**AIM OF THE EXERCISE**. Copy out exactly the lines from the one containing "Portent is a" to the last line of the records below, both included, and leave out any pictures.

**INFORMATION SHOWN**.
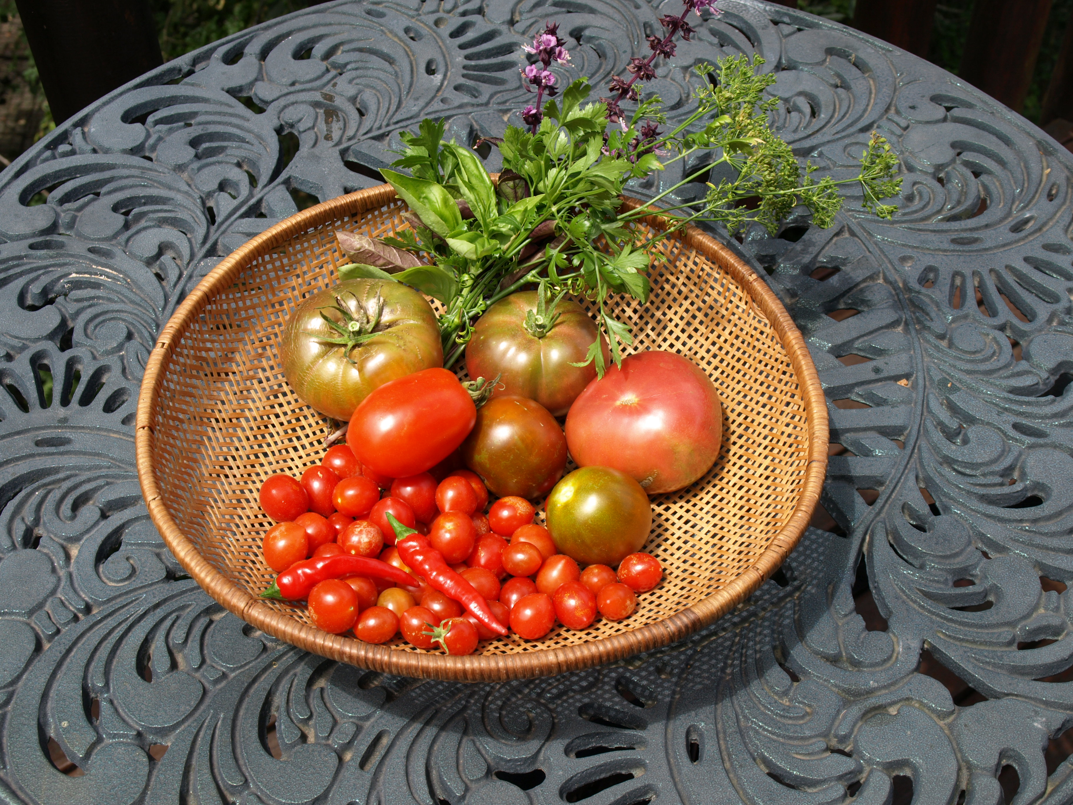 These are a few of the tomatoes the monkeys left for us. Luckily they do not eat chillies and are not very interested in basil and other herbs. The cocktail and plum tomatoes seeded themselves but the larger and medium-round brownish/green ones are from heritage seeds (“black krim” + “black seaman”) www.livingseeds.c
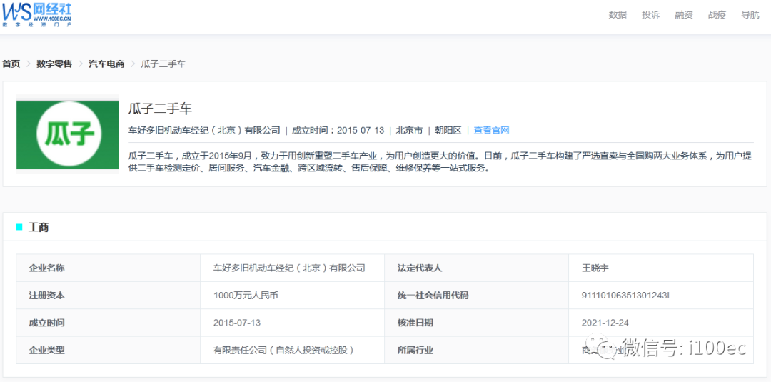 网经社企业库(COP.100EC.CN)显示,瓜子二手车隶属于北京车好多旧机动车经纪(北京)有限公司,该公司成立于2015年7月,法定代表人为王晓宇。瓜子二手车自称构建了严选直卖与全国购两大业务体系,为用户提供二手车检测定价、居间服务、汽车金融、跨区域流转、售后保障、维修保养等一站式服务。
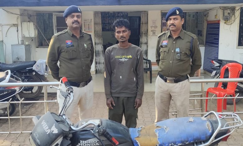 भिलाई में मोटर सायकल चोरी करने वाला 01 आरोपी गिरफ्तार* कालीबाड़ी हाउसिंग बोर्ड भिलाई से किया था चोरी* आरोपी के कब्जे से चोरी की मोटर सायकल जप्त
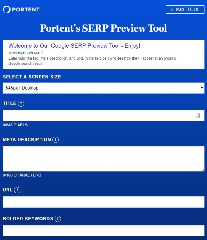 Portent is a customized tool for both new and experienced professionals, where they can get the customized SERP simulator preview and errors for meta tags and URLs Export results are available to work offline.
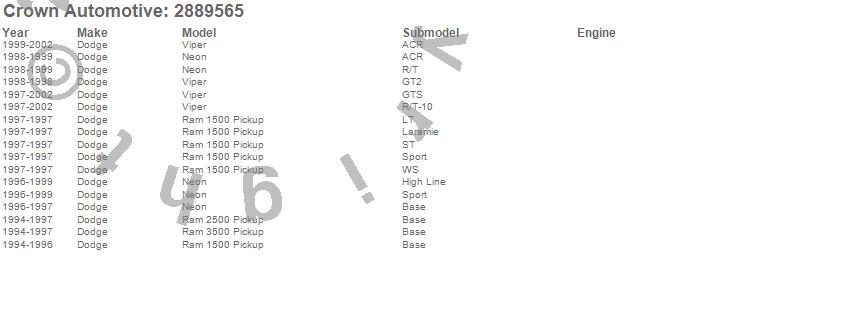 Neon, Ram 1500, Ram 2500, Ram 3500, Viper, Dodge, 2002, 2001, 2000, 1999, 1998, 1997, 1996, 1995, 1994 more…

**FINISHED TASK**.
 Portent is a customized tool for both new and experienced professionals, where they can get the customized SERP simulator preview and errors for meta tags and URLs Export results are available to work offline.
 Neon, Ram 1500, Ram 2500, Ram 3500, Viper, Dodge, 2002, 2001, 2000, 1999, 1998, 1997, 1996, 1995, 1994 more…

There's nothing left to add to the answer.